Source data ->
::::

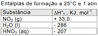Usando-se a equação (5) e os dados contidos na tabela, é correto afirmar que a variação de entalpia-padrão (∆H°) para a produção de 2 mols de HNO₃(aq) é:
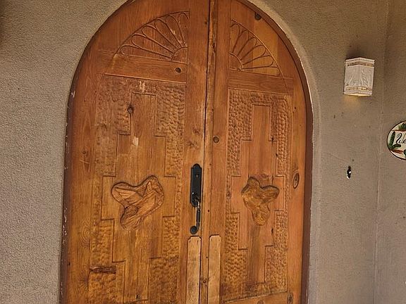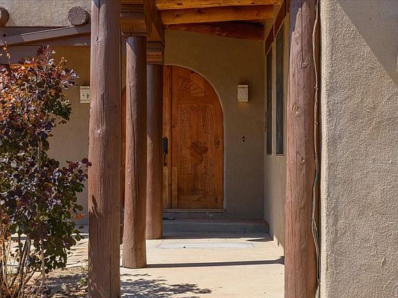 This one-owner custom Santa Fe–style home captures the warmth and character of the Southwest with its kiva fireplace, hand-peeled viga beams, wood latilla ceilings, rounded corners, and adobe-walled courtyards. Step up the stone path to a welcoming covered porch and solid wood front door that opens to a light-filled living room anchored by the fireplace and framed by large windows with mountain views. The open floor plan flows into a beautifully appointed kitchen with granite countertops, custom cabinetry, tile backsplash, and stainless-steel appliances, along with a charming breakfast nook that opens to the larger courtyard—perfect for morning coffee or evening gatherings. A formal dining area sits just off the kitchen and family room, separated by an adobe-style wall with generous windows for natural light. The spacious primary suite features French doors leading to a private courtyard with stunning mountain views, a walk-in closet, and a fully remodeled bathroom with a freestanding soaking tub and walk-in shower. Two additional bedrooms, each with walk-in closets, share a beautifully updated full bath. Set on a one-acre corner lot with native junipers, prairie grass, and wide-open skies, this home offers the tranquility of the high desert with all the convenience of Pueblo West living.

::::

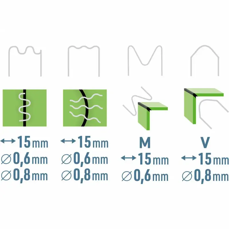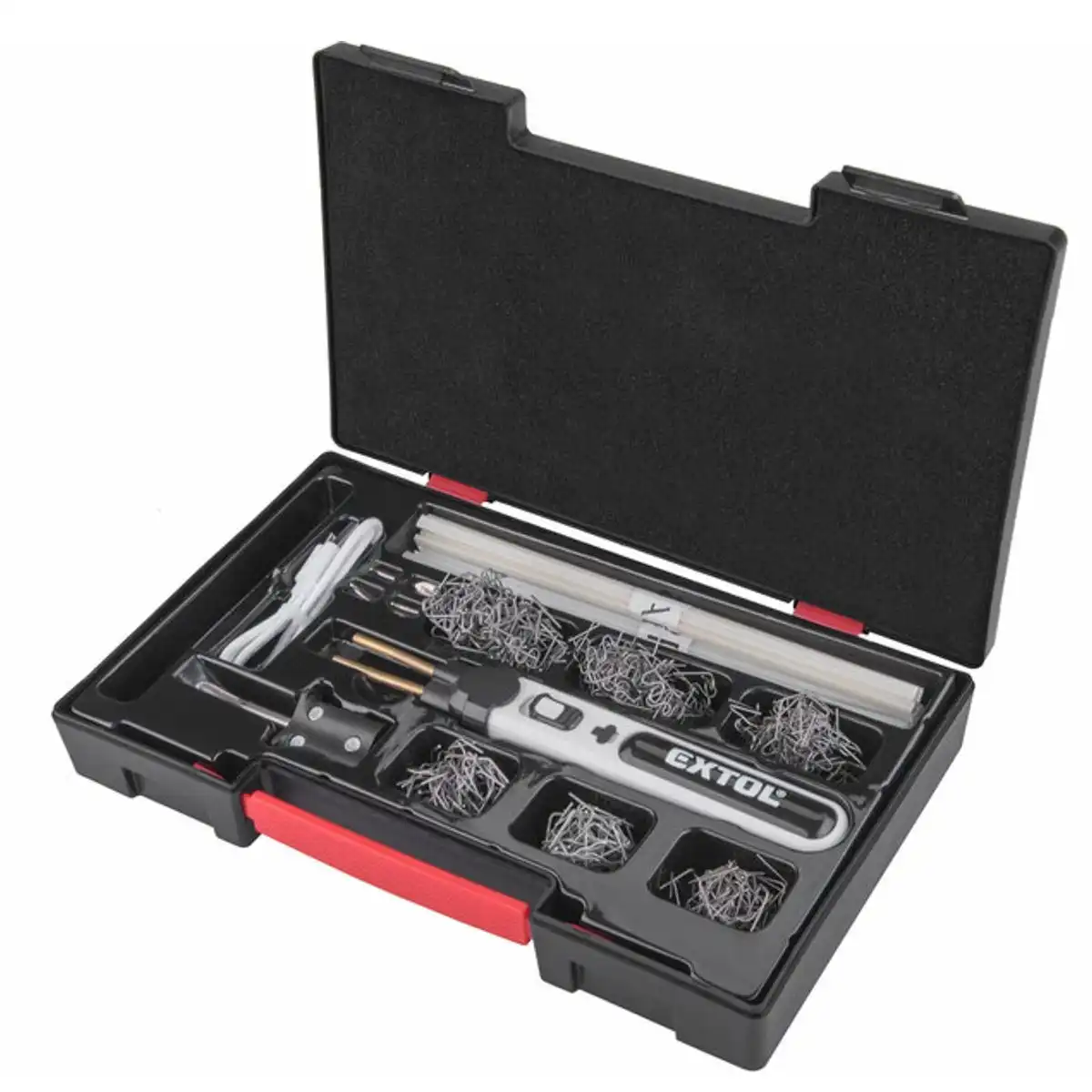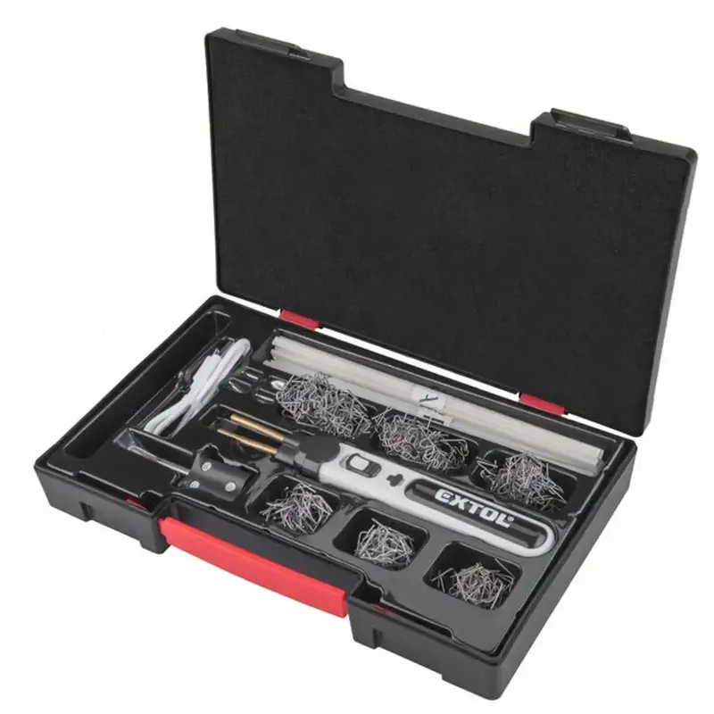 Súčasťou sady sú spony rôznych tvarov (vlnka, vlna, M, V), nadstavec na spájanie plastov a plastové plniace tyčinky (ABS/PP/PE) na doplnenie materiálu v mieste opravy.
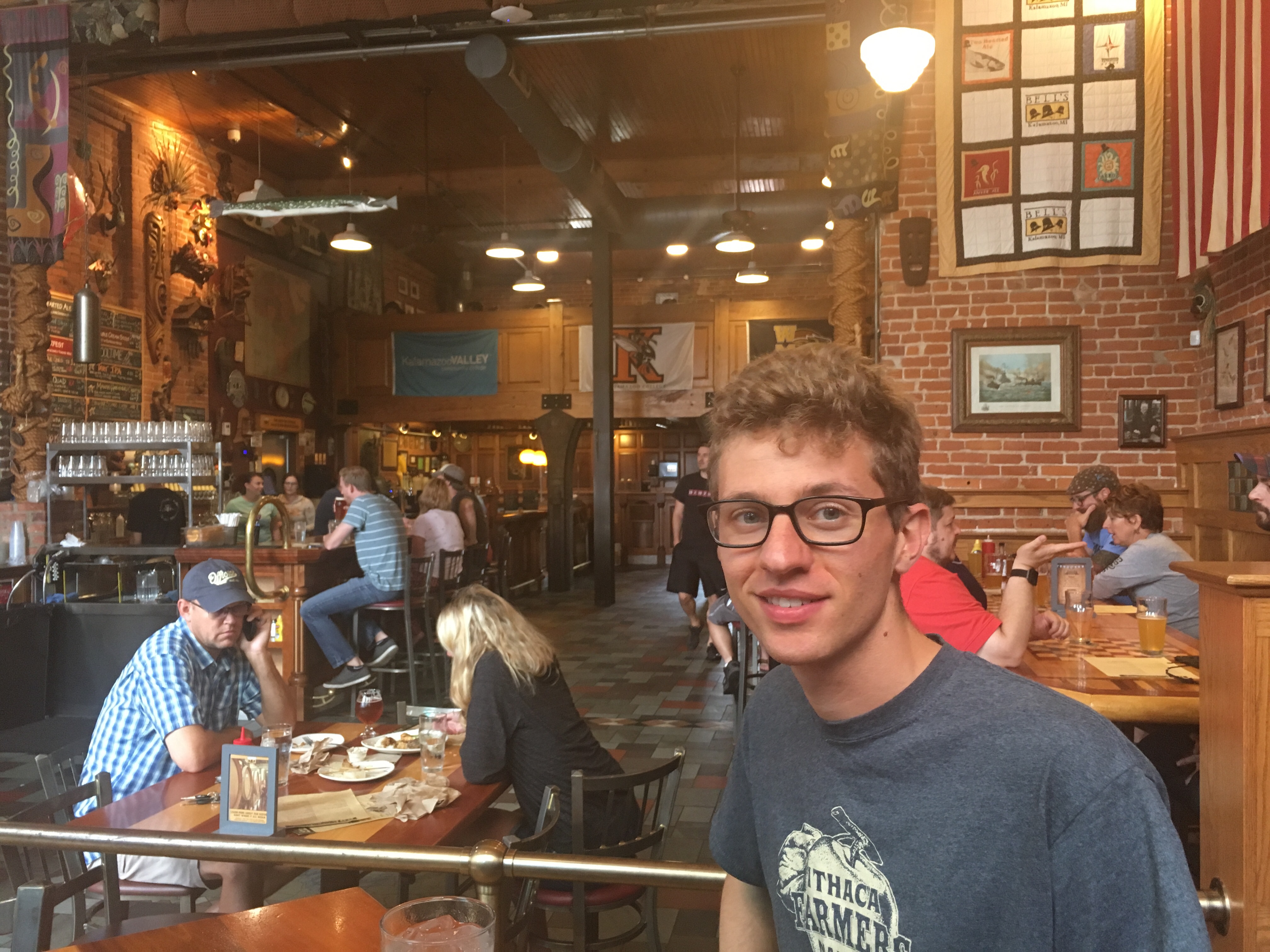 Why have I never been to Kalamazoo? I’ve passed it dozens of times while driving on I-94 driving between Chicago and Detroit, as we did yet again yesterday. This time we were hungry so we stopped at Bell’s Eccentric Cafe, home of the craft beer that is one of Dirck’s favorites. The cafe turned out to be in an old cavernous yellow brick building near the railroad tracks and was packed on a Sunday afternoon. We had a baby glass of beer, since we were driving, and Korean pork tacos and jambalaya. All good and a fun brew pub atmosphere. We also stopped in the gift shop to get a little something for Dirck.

::::

How to complete this task -> Within the data above, repeat exactly the lines from the one bearing "Súčasťou sady sú" through the one bearing "Why have I never". Include no pictures and nothing else.

Exercise solution ->
 Súčasťou sady sú spony rôznych tvarov (vlnka, vlna, M, V), nadstavec na spájanie plastov a plastové plniace tyčinky (ABS/PP/PE) na doplnenie materiálu v mieste opravy.
 Why have I never been to Kalamazoo? I’ve passed it dozens of times while driving on I-94 driving between Chicago and Detroit, as we did yet again yesterday. This time we were hungry so we stopped at Bell’s Eccentric Cafe, home of the craft beer that is one of Dirck’s favorites. The cafe turned out to be in an old cavernous yellow brick building near the railroad tracks and was packed on a Sunday afternoon. We had a baby glass of beer, since we were driving, and Korean pork tacos and jambalaya. All good and a fun brew pub atmosphere. We also stopped in the gift shop to get a little something for Dirck.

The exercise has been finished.